About this exercise:
Everything in the listing below should be repeated exactly, apart from the pictures.

Data shown:
<<<<

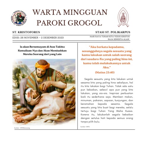 Warta Paroki 16 Nov - 2 Des
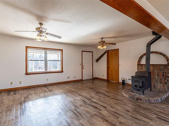 Quiet country living on 5 acres is available in the community of Pink, west of Tecumseh. Built in 1993, this three bedroom, two full bath and one half bath in the laundry room has all the extras available in 1,654 square feet. This house was built on robost framing with 2x6 walls with loads of insulation and 18 inch rafters. Catch a sunrise or sunset from the spacious covered porch that faces the south overlooking a koi pound. Located off the kitchen dining behind a door is a laundry room with plenty of space for storage that leads into a sunny Florida room that is currently housing a hot tub. The living room features a huge wood burning stove for those cold nights and is lined with windows to allow maxium sunlight. The master is located off the living room and has its own master bathroom and walk in closet. The two secondary rooms are on the other side sharing the second full bathroom. This unrestricted 5 acres offers 2 metal barns two loafing sheds and one tool shed. One barn is big enough to park cars and other machinery or toys in and both have electric ran to them. A storm shelter that has been built into the ground is located behind the pink door across from the house. It is encased in concrete. Roof was replaced with a metal roof in 2010, there is 1 layer of shingles under it. A/C replaced in 2018. Water well pump was replaced in 2017.
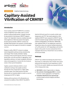Learn how Capillary-Assisted Vitrification (CAV) stabilizes CRM197, a critical carrier protein for conjugate vaccines, enabling long-term storage at ambient and elevated temperatures. This whitepaper details a six-month stability study done in collaboration with Fina Biosolutions, demonstrating that CAV-stabilized CRM197 maintains structural integrity and prevents degradation without refrigeration.

>>>>

Answer to the exercise:
 Warta Paroki 16 Nov - 2 Des
 Quiet country living on 5 acres is available in the community of Pink, west of Tecumseh. Built in 1993, this three bedroom, two full bath and one half bath in the laundry room has all the extras available in 1,654 square feet. This house was built on robost framing with 2x6 walls with loads of insulation and 18 inch rafters. Catch a sunrise or sunset from the spacious covered porch that faces the south overlooking a koi pound. Located off the kitchen dining behind a door is a laundry room with plenty of space for storage that leads into a sunny Florida room that is currently housing a hot tub. The living room features a huge wood burning stove for those cold nights and is lined with windows to allow maxium sunlight. The master is located off the living room and has its own master bathroom and walk in closet. The two secondary rooms are on the other side sharing the second full bathroom. This unrestricted 5 acres offers 2 metal barns two loafing sheds and one tool shed. One barn is big enough to park cars and other machinery or toys in and both have electric ran to them. A storm shelter that has been built into the ground is located behind the pink door across from the house. It is encased in concrete. Roof was replaced with a metal roof in 2010, there is 1 layer of shingles under it. A/C replaced in 2018. Water well pump was replaced in 2017.
Learn how Capillary-Assisted Vitrification (CAV) stabilizes CRM197, a critical carrier protein for conjugate vaccines, enabling long-term storage at ambient and elevated temperatures. This whitepaper details a six-month stability study done in collaboration with Fina Biosolutions, demonstrating that CAV-stabilized CRM197 maintains structural integrity and prevents degradation without refrigeration.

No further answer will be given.